▶ WORK INSTRUCTION
Find "Cтильная двухсторонняя детская" below and begin at its line; stop after the line with "Deleted this because". Output those lines exactly, without pictures.
*** Opening of PROVIDED RECORDS ***
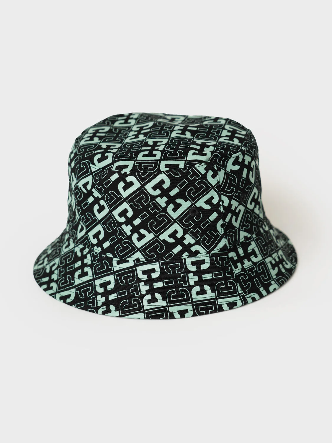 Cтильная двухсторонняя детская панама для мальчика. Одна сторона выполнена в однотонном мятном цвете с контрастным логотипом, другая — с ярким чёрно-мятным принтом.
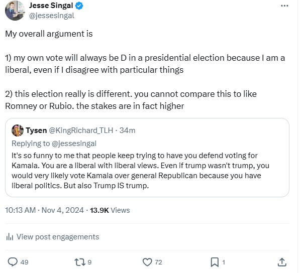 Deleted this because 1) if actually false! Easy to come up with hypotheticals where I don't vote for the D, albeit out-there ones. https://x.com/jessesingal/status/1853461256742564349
*** Close of PROVIDED RECORDS ***
*** Opening of PROVIDED RECORDS ***
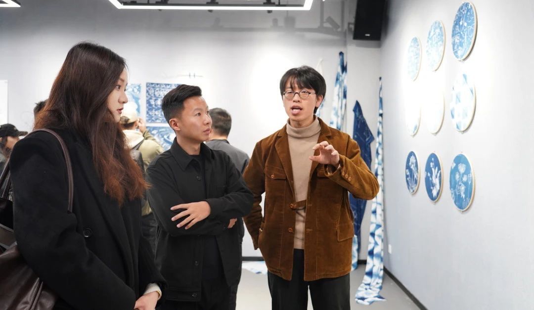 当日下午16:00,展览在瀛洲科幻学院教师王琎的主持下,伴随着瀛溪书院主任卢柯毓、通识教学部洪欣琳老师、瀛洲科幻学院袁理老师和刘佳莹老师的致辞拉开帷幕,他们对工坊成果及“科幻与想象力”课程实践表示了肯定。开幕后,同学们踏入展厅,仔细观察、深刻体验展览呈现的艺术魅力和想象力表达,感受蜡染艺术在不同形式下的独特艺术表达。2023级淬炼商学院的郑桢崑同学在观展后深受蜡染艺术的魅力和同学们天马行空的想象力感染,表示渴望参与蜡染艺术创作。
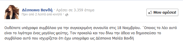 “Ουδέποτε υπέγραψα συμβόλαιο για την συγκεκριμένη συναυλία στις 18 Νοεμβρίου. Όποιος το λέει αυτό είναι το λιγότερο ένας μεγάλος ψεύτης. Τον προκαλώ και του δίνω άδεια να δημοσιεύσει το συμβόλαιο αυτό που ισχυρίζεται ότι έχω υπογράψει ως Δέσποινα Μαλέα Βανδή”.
*** Close of PROVIDED RECORDS ***
▶ RESPONSE TO THE TASK
 Cтильная двухсторонняя детская панама для мальчика. Одна сторона выполнена в однотонном мятном цвете с контрастным логотипом, другая — с ярким чёрно-мятным принтом.
 Deleted this because 1) if actually false! Easy to come up with hypotheticals where I don't vote for the D, albeit out-there ones. https://x.com/jessesingal/status/1853461256742564349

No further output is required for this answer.